In today’s Market Talk, we’re going to recap three of the more pertinent price action events from this week while taking a look at what might develop in the week(s) ahead as we approach the New Year.

The Dollar is Really, Really Strong

A hike this week was pretty much a foregone conclusion, so when the Fed kicked rates-higher for the second time in 10 years on Wednesday, there wasn’t very much shock. But what was interesting was the stronger guidance from the bank for 2017, 2018 and 2019; all of which saw upgraded forecasts for rate expectations.

This has sent the U.S. Dollar flying up to a fresh 14-year high; finally breaking above a longer-term Fibonacci level at 101.80 that had helped to set resistance for the past two weeks after the initial breakout in USD following the U.S. Presidential Election.

Coming into this week’s FOMC announcement, the bar was already pretty high. The Dollar had already been on a rampant run in the wake of the election as markets were anticipating some element of additional hawkishness from the Fed. This is what helped to initially bring that 101.80 level into play as resistance after the Greenback had broken above 100, which was a prior zone of resistance that had held in the Greenback for the better part of two years.

Chart prepared by James Stanley

With price action now aggressively-bursting to new highs, traders would likely want to look for some element of support on the prior zone of resistance around 101.80; and if that doesn’t show up, traders will likely want to re-assess when more well-confirmed support shows up on shorter-term time frames.

The Yen is Really, Really Weak

This is a theme that we’ve been watching since this summer when USD/JPY was testing the ¥100.00 level on the pair. And after the election, USD/JPY has run-higher by 16.9% in a little over a month; which is a stretch to say the least.

Yen-pairs could remain volatile next week. The major concern here is whether the Bank of Japan might upgrade their economic assessment after this new-found gasp of weakness in the Yen and the potential-strength that may follow in the Japanese economy as exporters have just gotten a huge bout of relief. If the BoJ does upgrade their economic assessments and forecasts, we can see some profit taking in these weak-Yen themes; at least temporarily. And in this scenario – the more pertinent aspect that traders would likely be wanting to watch for is whether the Yen finds some element of resistance after any potential upgrades of economic forecasts (support in USD/JPY) in the effort of triggering-in to longer-term entries.

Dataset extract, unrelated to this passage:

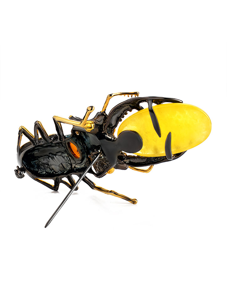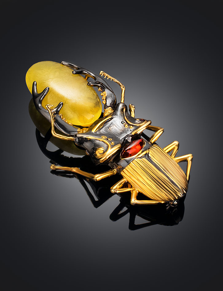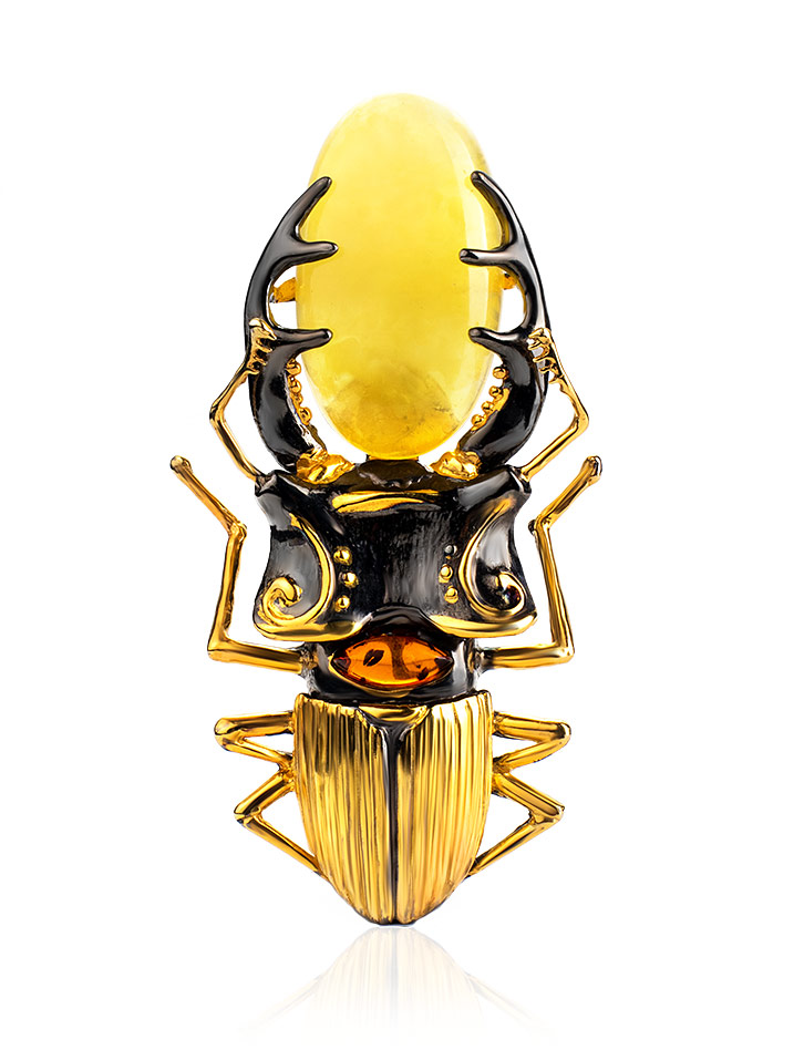 Удивительная объёмная брошь из натурального янтаря в позолоченной оправе «Жук-олень»

Chart prepared by James Stanley

U.S. Equities are Seeing Rich Valuations

(for video discussion of this topic, please click here)

A key question was posed to Chair Yellen during this week’s press conference; and that was whether she felt that U.S. equities were overvalued. Her response was that valuations appeared to be relatively normally considering the fundamental backdrop. And while ‘normal’ is a very relative word that could mean a lot of different things to a lot of different people; we’ve seen some very interesting events with broad-based measures of value.

The Shiller PE ratio is often one-such employed measure designed to measure normalized, cyclically-adjusted valuation metrics for the S&P 500. So, you can think of this as a broad-based type of Price-to-Earnings ratio. We’re at 27.97 this morning, and to put this in relative scope, the last time that markets were this expensive was just ahead of the Financial Collapse in 2008. Before that, the previous time we were this high was in 1999, just ahead of the tech bust. The only other time in recorded history that the S&P 500 was valued at over 30x earnings was Black Tuesday, right before the Great Depression.

Historically speaking, the S&P 500 is very, very expensive. This can get more expensive, as we saw in the year 2000 when tech-stock mania was sweeping the world, and the Shiller PE set its all-time-high at 44.19 (the prior high was that 30-read just ahead of the Great Depression).

This isn’t a thesis: Selling stocks just because their expensive can be a costly game because, as the saying goes markets can stay irrational far longer than the trader can remain solvent. But – these valuations do give reason to pause if looking to jump in the trend at this point after we’ve already put in a gargantuan-move, and the underlying fundamentals haven’t growth quickly enough to support these new, more ebullient valuations.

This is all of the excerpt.